Me mira con incredulidad y hojea de nuevo lo que a estas alturas supongo que es mi expediente. ¿Esas cosas no son clasificadas o algo así?

—Las enfermeras registraron episodios de ataques de pánico, pesadillas e insomnio.

—¿Si ya lo sabe para qué lo pregunta, en tal caso?

—Necesitaba confirmarlo.

—Bien, ya lo sabe. ¿Puedo irme?

—Si quiere asistir a terapia psicológica, los servicios sociales ofrecen sesiones gratuitas. Llame a este número para más información —dice, extendiéndome una tarjeta de color azul y blanco. Me levanto sin aceptarla y acomodo la silla.
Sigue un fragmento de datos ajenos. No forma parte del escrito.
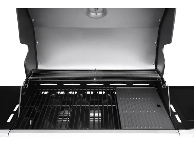 Características :- Churrasqueira a gás LED 4+1 queimadores – 15,2 kW de potência – 4 queimadores de 11,7 kW e 1 queimador lateral de 3,5 kW – Largura das prateleiras laterais: 34 cm – Coletor de graxa removível – 3 ganchos para pendurar os utensílios – Tipo de gás a utilizar: Butano ou Propano .Tamanho da grelha :67 x 44 cm – 2 grelhas + 1 tabuleiro de ir ao forno .Potência:De 15 a 20 KW.Quantidade de queimador:5.Grelha:Em ferro fundido esmaltado .Tampa:Aço inoxidável com cabo .Sistema de ignição:Ignição electrónica Push and Turn (Empurre e vire) – Botões LED de plástico cromado – Luz branca.Carrinho:Aço inoxidável – Base plástica .Dimensões :143 x 57 x 115 cm .Altura da cocção:87 cm.Cores:Prata.Vantagens:- Estrutura sólida – Design cuidadoso – Armário de arrumação de 2 portas – 4 rodas direccionais – Botões de comando cromados – Indicador de temperatura – Separador de gorduras amovível – Capa de protecção fornecida.Conselhos práticos:2 baterias LR20/D 1,5V Baterias não incluídas.Remessa:1 Pacote : 0,59 x 0,74 x 0,65 m, 48 kg .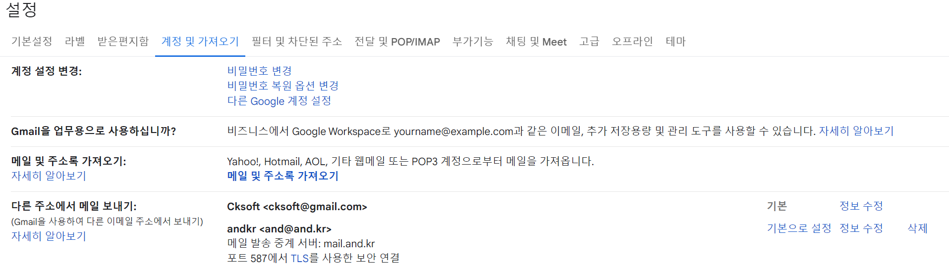 지메일 계정설정 으로 들어가서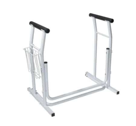 The Stand Alone Toilet Safety Rail by Drive Medical fits most standard and elongated toilets. It comes with padded armrest for added comfort and a magazine rack for added convenience. Easy, tool free assembly.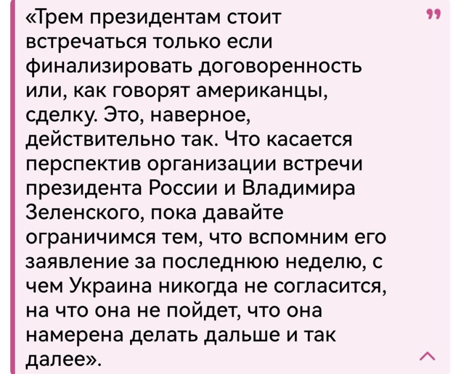 1. Война закончится встречей Путина и Зеленского при посредничестве Трампа. Тем самым за Зеленским признается легитимный статус. И положение президента Украины.

—No la necesito, pero gracias.

—Una pregunta más, señorita Avery —entrelaza las manos sobre la mesa y me mira de una forma extraña. Entre juzgona y lastimera. —¿En cuánto tiempo cree que pueda superar esta pérdida?

La ira comienza a encenderse en mi cuerpo como una braza, extendiéndose desde mis brazos hasta mis mejillas. Empuño mis manos con fuerza y parpadeo intentando retener las lágrimas. Sin decir nada, doy la vuelta y camino hacia la salida.

—Que tenga un buen día —escucho, justo antes de cerrar la puerta y dejar que las lágrimas se deslicen por mis mejillas.

Algo me dice que se me agotaron los buenos días.